By Slick Nick
There is no doubt in my mind that Oasis were the best pop group of the 90s, using a slew of extremely uncomplex singles and albums to end the musical careers of countless raggae and eurodance acts that always seemed to top the British charts at the time. Led by unambitious song-writer Noel Gallagher and starring his knobend brother Liam, the world was theirs for the taking – before Pop Idol, of course.
As enjoyable as the early Oasis compositions were, musically they were never anything more than basic as fuck. ‘Live Forever’ from the debut album ‘Definitely Maybe’, had an opening drum beat that any child could perform after two lessons, and generally you’d be lucky to get three or four different chords in a song. Listening to Oasis and then puting on a bit of Blur, their mortal enemies, was like listening to fucking Mozart by comparison. Sadly, their most ambitious riff from another early single called ‘Cigarettes And Alcohol’ had already been written by heavy metallers T Rex around twenty five years earlier, so they couldn’t lay claim to that.

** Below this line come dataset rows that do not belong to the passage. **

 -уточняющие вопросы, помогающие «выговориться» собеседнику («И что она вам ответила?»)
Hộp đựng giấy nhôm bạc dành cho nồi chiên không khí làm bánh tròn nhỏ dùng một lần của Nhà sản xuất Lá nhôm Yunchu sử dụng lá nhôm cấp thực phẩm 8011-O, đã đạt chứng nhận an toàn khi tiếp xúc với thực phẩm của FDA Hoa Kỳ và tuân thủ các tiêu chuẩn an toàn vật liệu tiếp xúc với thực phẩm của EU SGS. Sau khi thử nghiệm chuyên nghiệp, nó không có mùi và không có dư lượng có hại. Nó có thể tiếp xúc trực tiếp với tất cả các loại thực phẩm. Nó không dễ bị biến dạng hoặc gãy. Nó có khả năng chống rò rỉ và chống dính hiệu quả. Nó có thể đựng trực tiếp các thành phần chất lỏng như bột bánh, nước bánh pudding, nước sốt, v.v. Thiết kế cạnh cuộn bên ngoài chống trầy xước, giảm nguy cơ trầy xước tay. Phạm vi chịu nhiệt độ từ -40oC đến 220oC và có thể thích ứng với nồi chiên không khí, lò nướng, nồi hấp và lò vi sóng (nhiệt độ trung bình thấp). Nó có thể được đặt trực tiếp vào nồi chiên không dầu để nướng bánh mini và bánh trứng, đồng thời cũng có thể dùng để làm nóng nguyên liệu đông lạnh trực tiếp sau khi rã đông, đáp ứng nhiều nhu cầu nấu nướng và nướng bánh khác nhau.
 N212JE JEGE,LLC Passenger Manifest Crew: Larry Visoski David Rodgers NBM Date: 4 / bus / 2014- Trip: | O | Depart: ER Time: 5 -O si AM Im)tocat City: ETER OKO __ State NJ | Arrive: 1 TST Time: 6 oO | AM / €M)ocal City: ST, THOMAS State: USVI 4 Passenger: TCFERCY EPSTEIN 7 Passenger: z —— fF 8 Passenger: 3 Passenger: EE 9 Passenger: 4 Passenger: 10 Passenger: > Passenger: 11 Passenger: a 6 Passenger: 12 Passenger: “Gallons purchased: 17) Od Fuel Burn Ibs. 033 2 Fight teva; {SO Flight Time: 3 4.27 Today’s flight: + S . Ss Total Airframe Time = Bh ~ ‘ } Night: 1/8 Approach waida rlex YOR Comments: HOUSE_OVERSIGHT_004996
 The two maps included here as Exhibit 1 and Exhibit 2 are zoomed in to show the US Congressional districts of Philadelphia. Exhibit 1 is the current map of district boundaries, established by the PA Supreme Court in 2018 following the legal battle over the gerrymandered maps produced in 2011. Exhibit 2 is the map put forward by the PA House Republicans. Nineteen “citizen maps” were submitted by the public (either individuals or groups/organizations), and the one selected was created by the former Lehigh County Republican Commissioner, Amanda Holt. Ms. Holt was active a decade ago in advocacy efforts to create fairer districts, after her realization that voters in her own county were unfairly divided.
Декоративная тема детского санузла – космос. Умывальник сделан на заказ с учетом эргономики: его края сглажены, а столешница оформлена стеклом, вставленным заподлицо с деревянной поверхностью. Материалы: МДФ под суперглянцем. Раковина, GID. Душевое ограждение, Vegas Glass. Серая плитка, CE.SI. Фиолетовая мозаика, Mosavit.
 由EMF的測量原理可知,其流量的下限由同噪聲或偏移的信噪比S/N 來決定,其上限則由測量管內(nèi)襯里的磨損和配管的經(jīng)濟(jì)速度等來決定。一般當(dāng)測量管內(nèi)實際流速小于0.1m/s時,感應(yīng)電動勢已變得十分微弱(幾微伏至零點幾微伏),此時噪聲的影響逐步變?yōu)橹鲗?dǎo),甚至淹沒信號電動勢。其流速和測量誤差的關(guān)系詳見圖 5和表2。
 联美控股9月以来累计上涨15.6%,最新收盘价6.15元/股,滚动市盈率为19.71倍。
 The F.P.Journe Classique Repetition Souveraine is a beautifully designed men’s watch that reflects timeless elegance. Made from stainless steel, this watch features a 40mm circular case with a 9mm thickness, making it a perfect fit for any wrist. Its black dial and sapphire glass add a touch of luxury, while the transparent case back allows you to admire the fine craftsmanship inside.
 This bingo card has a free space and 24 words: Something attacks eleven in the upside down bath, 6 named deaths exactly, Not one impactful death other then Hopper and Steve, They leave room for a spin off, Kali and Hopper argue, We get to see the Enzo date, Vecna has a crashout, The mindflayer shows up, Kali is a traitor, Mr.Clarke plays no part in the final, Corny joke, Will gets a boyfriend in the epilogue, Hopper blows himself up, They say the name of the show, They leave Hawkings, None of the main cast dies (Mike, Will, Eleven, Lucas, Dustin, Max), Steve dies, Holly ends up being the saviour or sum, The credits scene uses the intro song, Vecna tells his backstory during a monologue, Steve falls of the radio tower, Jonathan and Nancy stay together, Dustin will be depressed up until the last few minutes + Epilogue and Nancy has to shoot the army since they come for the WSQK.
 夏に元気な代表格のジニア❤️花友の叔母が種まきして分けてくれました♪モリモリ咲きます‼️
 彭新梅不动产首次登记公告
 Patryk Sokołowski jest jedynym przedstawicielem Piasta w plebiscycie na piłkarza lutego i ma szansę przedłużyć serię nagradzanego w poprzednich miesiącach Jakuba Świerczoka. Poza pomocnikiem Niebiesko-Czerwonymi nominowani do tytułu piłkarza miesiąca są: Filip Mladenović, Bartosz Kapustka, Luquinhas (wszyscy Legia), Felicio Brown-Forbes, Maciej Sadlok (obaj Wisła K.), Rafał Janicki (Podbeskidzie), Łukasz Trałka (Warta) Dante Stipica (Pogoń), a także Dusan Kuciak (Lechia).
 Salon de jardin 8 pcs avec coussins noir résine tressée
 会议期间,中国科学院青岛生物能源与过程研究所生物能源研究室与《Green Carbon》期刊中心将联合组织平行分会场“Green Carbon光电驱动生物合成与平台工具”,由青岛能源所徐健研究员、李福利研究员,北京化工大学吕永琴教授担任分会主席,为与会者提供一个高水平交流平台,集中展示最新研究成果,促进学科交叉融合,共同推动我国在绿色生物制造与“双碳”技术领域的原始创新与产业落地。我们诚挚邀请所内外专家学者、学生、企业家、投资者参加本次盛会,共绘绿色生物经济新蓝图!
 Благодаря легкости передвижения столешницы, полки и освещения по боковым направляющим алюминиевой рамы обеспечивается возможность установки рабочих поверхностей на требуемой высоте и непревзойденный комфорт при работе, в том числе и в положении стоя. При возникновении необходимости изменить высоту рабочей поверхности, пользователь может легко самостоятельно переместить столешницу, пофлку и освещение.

But, like a lot of bands that start out well, after a few albums and a shit ton of record sales, Oasis could no longer muster the effort to record decent music, and the decline in quality of output during the noughties was quite staggering. The band broke up soon after releasing their final album ‘Dig Out Your Soul’, one of the worst albums ever made.
These crap songs sound like the kind of music you’d find buried on a 100-track bootleg set of long-forgotten Beatles demos that were never intended for release – lifeless, boring and poorly recorded. For all the Gallagher brothers’ rock ‘n’ roll swagger and tabloid punch-ups, this final effort is like someone retiring by leaving the office quietly after an insincere presentation from their boss in front of their co-workers.
There was magic in the initial Oasis singles. Hell, if ‘Wonderwall’ came on the radio during my short commute to work every day, I’d probably punch the air (roof) with elation; I don’t go to nightclubs anymore, I wasn’t reared on a tough inner city estate and I don’t fall for the Simon Cowell PR/marketing machine, so I get very little from the British charts these days. Comparing the songs from that era to the singles from this album is like puting Manchester United against an Albanian school football team – they just don’t compare.
Lead single ‘The Shock of The Lightning’, bolstered by a staggering two chord changes for the most part, sounds like an idea for a song that still needed to be finalised in rehearsals. ‘I’m Outta Time’ is the only listenable effort here, but it still annoys me because the verse always makes me think I’m listening to Lennon’s ‘Jealous Guy’. Pleasant chorus though, reminding fans that they could still write the occasional hook when they weren’t sitting by swimming pools guzzling Director’s Bitter.
Apart from sounding like the Beatles and wearing John Lennon spectacles, Liam Gallagher even started to look exactly like George Harrison at one point. On ‘Dig Out Your Soul’, the tribute act was completed with the aping of the rather self-indulgent, ploddy sitar-driven stuff that John, Paul, George and Ringo were experimenting with in the mid–to–late sixties. If it didn’t work for the greatest band to ever set foot in a recording studio, what the fuck was it going to do for Oasis?
Noel Gallagher’s lyrics have always been appalling at the best of times. Incoherent rambling sentences ending in words that mostly rhymed with ‘away’, ‘mind’, ‘far’, ‘you’, ‘me’ and ‘why’, they tended to make even less sense than Kurt Cobain’s insane poetry. This final album didn’t break tradition; the problem was the songs were now as equally terrible as a whole. Before, no one paid much attention because the melodies and singing were so effective.
It’s a shame the band that recorded ‘(What’s The Story) Morning Glory?’ could end their careers with such an underwhelming collection of crap songs. Even their b-sides collection ‘The Masterplan’ was one of the best from 1998, better than most other bands’ proper efforts. Noel Gallagher was supposed to keep rock ‘n’ roll alive, at least from a Sunday Times supplement point of view. His declining song-writing ability combined with Simon Cowell and increasing levels of illiteracy amongst young people have now rendered the British charts almost unlistenable. And this is even before Liam Gallagher kick starts an inevitable solo career for more cigarette money.
Slowly walking down the hall, faster than a cannon ball, where were you when we were writing shit music?